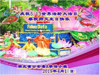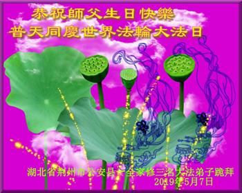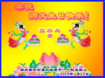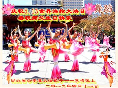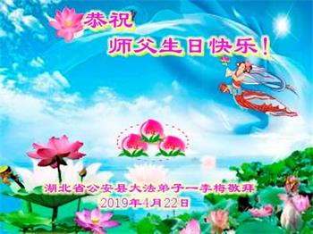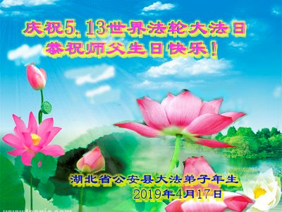 【明慧网二零一九年五月十三日】 湖北省荆州市公安县大法弟子恭祝师父生日快乐!
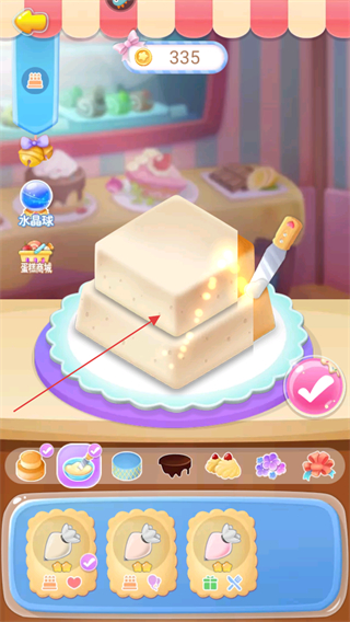 1、進(jìn)入制作界面,查看屏幕上方的金幣數(shù)量如335,從下方材料欄選擇蛋糕胚堆疊。
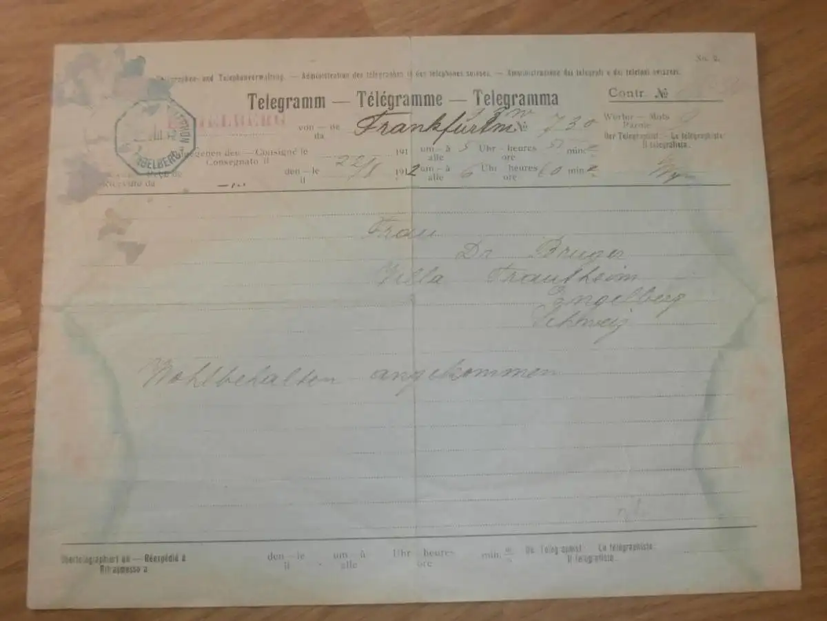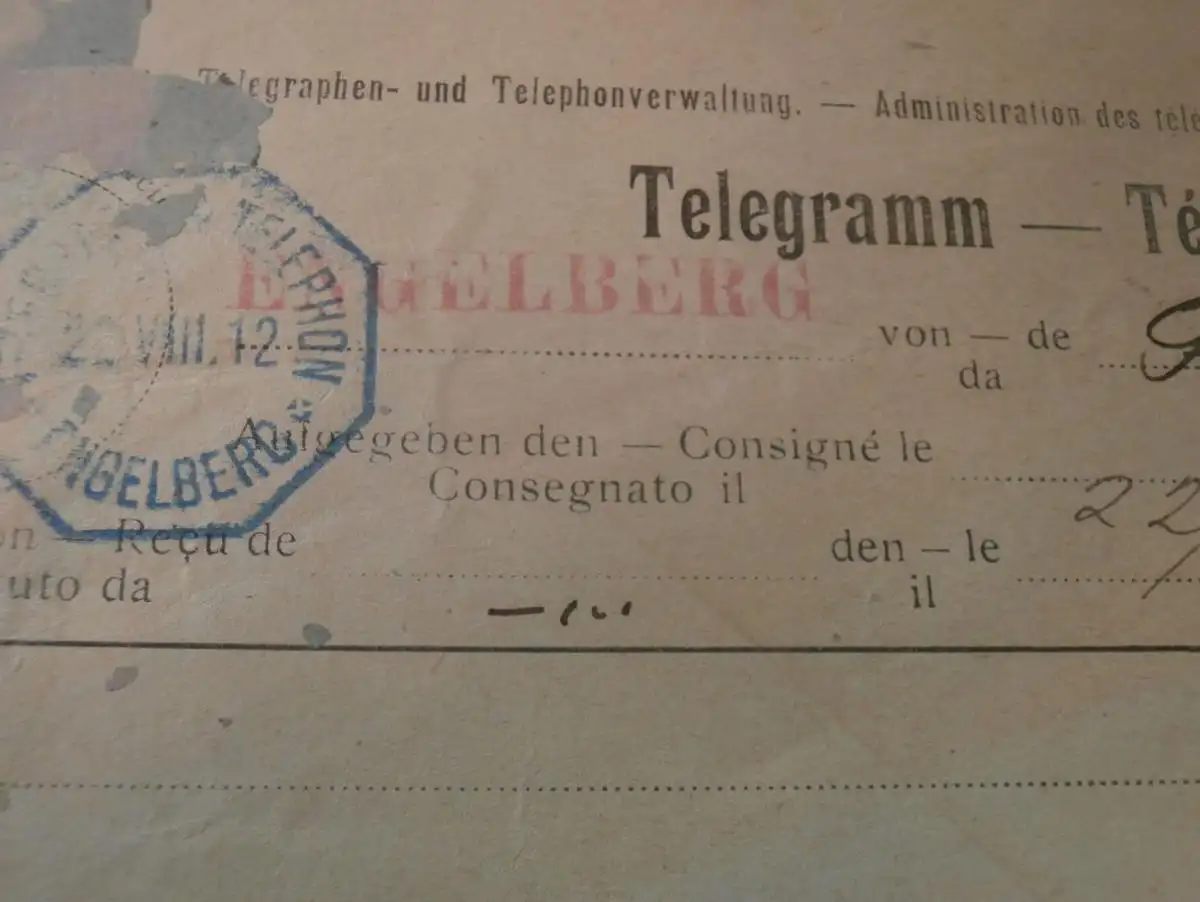 Telegramm - Engelberg i. Schweiz , 1912 !!!

▶ **Your assignment**
Would you copy all the material exactly, dropping the pictures?

▶ **Solution**
 【明慧网二零一九年五月十三日】 湖北省荆州市公安县大法弟子恭祝师父生日快乐!
 1、進(jìn)入制作界面,查看屏幕上方的金幣數(shù)量如335,從下方材料欄選擇蛋糕胚堆疊。
 Telegramm - Engelberg i. Schweiz , 1912 !!!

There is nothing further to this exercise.